Through the patient representation layer, ARPNet trains the patient representation vectors to capture high-dimensional patterns for improving performance in antidepressant response prediction. By representing the patients as real-valued vectors, we can compute the antidepressant response-aware similarity between patients. This antidepressant response-aware similarity can be used for precision prescription in evidence-based medicine [24,25]. Figure 4 shows an example of using patient representation vectors in clinical decision support systems. Patients in the prescription record database are represented as patient representation vectors, using patient data and prescription records. Based on their representation vectors, the patients are clustered using a clustering method that computes the antidepressant response-aware similarity between the patients. When a new patient’s data are given, the patient’s representation vector is computed using the patient representation layer of ARPNet.

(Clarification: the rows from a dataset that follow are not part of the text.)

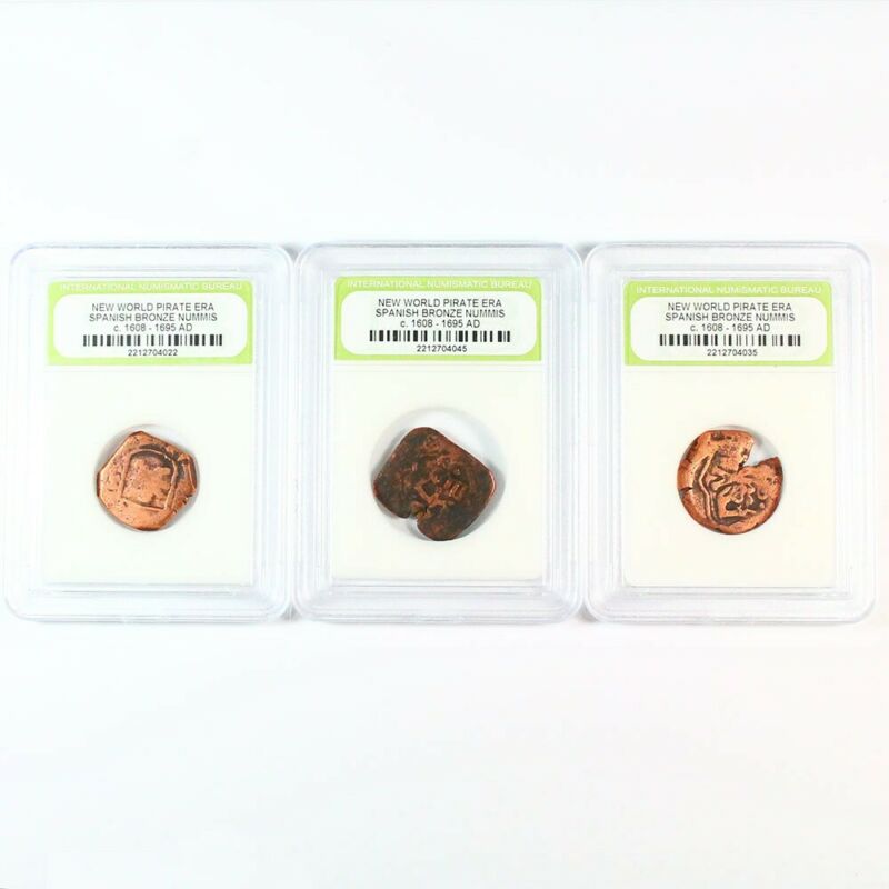 Title (ebay affiliate link): 3 Pirate Era - 1600''s Early America Spanish Bronze Cobs Exact Lot Shown 3387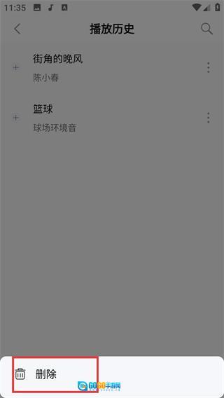 4、在操作菜单中找到【删除】选项并点击,即可把这首歌曲从播放历史里移除,完成播放记录的清理。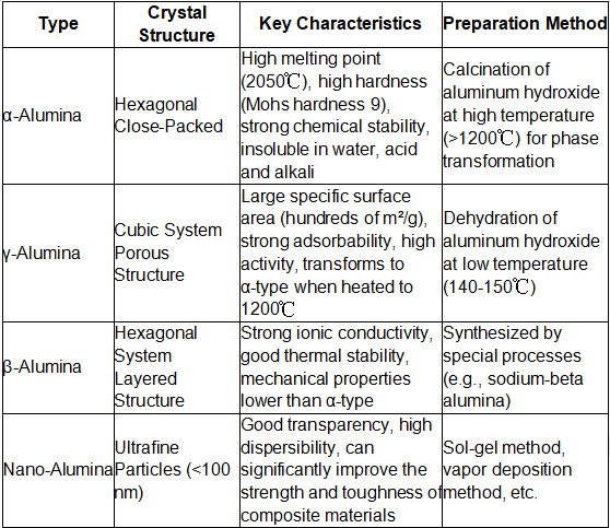 طبقه بندی اصلی پودر آلومینا بر اساس ساختار کریستالی و فرآیند آماده سازی آن است. انواع متداول و ویژگی های آنها به شرح زیر است: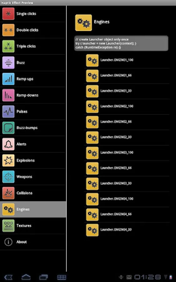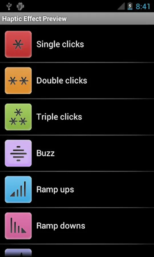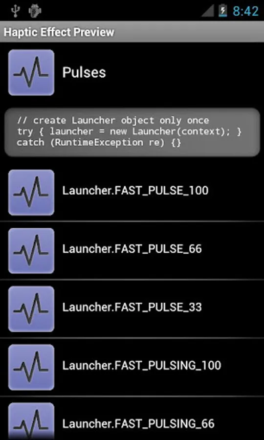 Haptic Effect Preview is directed to developers who are implementing tactile feedback (also referred to as haptics or "rumble") into their applications. This application is used to preview, or feel, all the haptic effects that are included in Immersion’s Universal Haptics Layer (UHL) library. Developers are invited to learn more about the UHL at developer.immersion.com. . The UHL library is available for download at https://touchsense.com/games/developers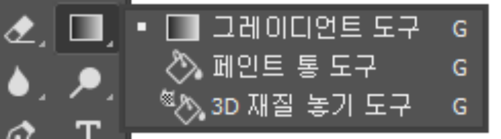 페인트 도구(Paint bucket tool) : 전경 색이나 패턴으로 특정 영역을 채울 수 있습니다.

Clinical decision support systems compute the similarities between the patient and patients in the cluster in which the patient is likely to be included, and provide psychiatrists with the prescription records of patients very similar to those of the patient for evidence-based medicine. Psychiatrists prescribe the most effective antidepressant to their patient by referring to the antidepressant response records of similar patients.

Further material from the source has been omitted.